Ya, dan struktur mikro adalah alasannya. Baja dengan karbon 0,4% bisa lunak dan ulet atau sangat keras dan rapuh tergantung pada struktur mikronya. Perlakuan panas, pemrosesan mekanis, dan laju pendinginan semuanya mengubah struktur mikro tanpa mengubah komposisi. Inilah sebabnya mengapa pemrosesan sama pentingnya dengan pemilihan material.
Seberapa cepat struktur mikro dapat berubah?
Itu tergantung pada suhu dan mekanisme. Transformasi fase selama pendinginan terjadi dalam milidetik. Pertumbuhan butir selama anil membutuhkan waktu beberapa menit hingga jam. Pengendapan seiring bertambahnya usia-pengerasan paduan terjadi dalam hitungan jam hingga hari. Perubahan struktur mikro-suhu ruangan sangat lambat, itulah sebabnya sebagian besar material tetap stabil selama servis.
Apa perbedaan antara struktur mikro dan struktur kristal?
Struktur kristal mendeskripsikan susunan atom dalam kristal sempurna-pola sel satuan yang berulang. Struktur mikro menggambarkan bagaimana daerah kristal (butiran) ini disusun, diorientasikan, dan didistribusikan bersama dengan batas, fase, dan cacat. Struktur kristal berskala-atom; struktur mikro adalah skala-mikroskopis.
Bidang struktur mikro terus berkembang dengan teknik karakterisasi baru. 3Metode mikroskop D kini mengungkap struktur mikro dalam tiga dimensi, bukan-penampang dua dimensi-dimensi.

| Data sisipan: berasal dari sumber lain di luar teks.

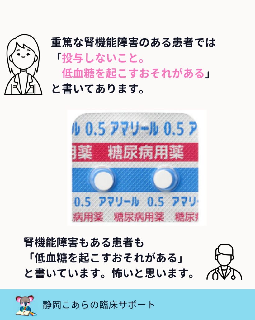 重篤な腎機能障害患者では投与しないこと、低血糖を起こすおそれがあると添付文書に記載されています。

Algoritme pembelajaran mesin menganalisis ribuan gambar mikrostruktur untuk memprediksi properti atau mengidentifikasi rute pemrosesan yang optimal. Kemajuan ini membuat rekayasa struktur mikro menjadi lebih prediktif dan kurang empiris.
Memahami struktur mikro menjembatani kesenjangan antara pemrosesan dan properti. Ini menjelaskan mengapa material berperilaku seperti itu dan memberikan pengetahuan yang diperlukan untuk meningkatkan kinerja melalui pemrosesan yang terkontrol.